TASK DETAILS
Would you reproduce exactly, and only, the lines starting at the one with "Batteria esterna da" and ending at the last line of the data, with both included? Leave the pictures out.

___ THE DATA

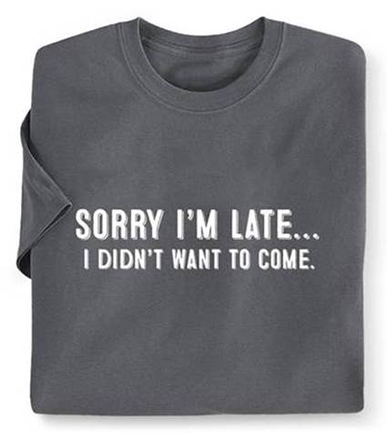 One morning one of the residents didn’t show up for breakfast so another guy’s wife went upstairs and knocked on his door to see if everything was OK. She could hear him through the door and he said that he was running late and would be down shortly so she went back to the dining area.
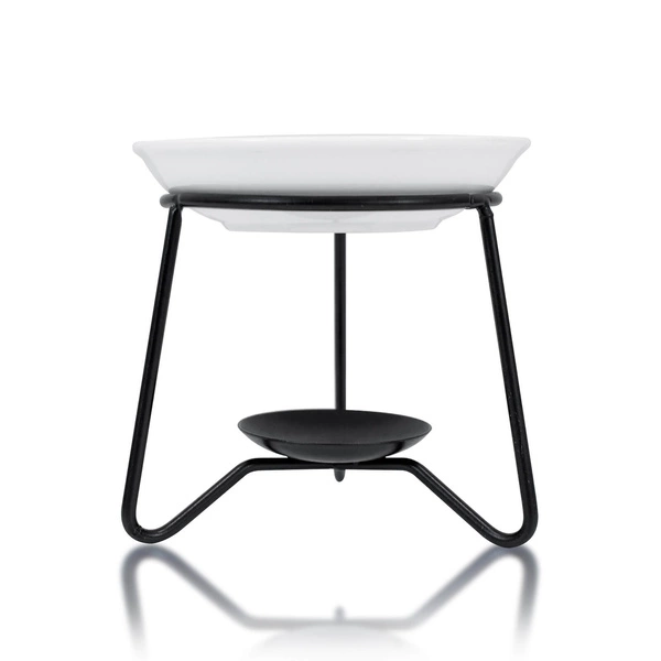 - En elegant aromaterapibrännare med metallram och keramikskål - perfekt för daglig avkoppling med en kopp te eller yerba mate. Utformad för uppvärmning av eteriska oljor eller doftvax med värmeljus.
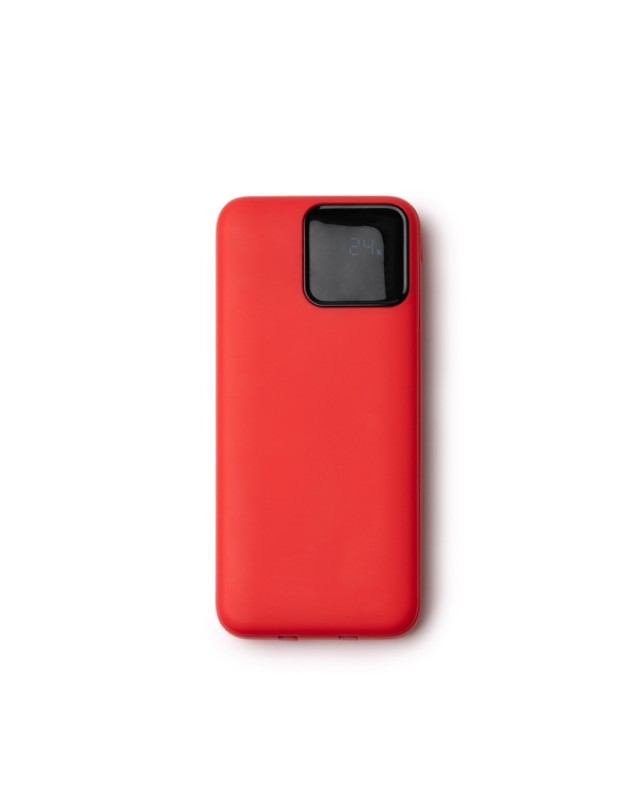 Batteria esterna da 10.000 mAh e ricarica rapida da 20 W, con corpo in ABS riciclato soft touch. Include display con indicatore di carica. Uscite Type-C e USB. Include anche un cavo Type-C e un connettore Lightning. - Composizione: ABS riciclato - Misure: 7cm/14,5cm/1,5cm
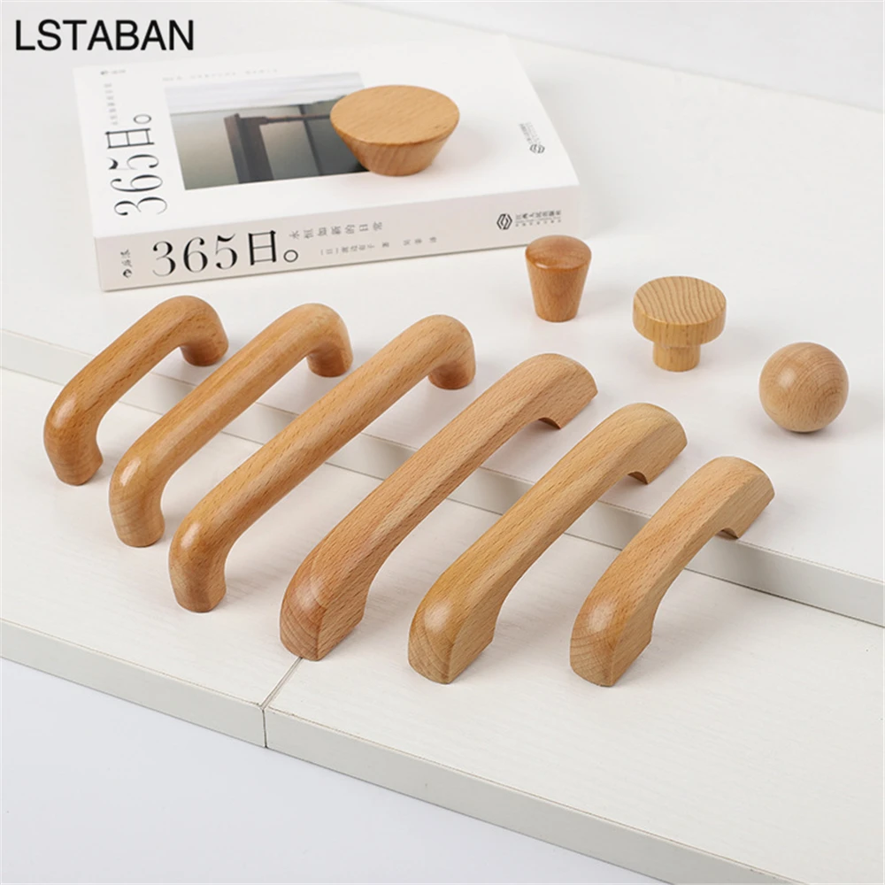 Solid Wood Kitchen Cabinet Handle Beech Varnish Furniture Wooden Door Drawer Knobs Cupboard Pull Handle for Hardware Accessories

______

REPLY
 Batteria esterna da 10.000 mAh e ricarica rapida da 20 W, con corpo in ABS riciclato soft touch. Include display con indicatore di carica. Uscite Type-C e USB. Include anche un cavo Type-C e un connettore Lightning. - Composizione: ABS riciclato - Misure: 7cm/14,5cm/1,5cm
 Solid Wood Kitchen Cabinet Handle Beech Varnish Furniture Wooden Door Drawer Knobs Cupboard Pull Handle for Hardware Accessories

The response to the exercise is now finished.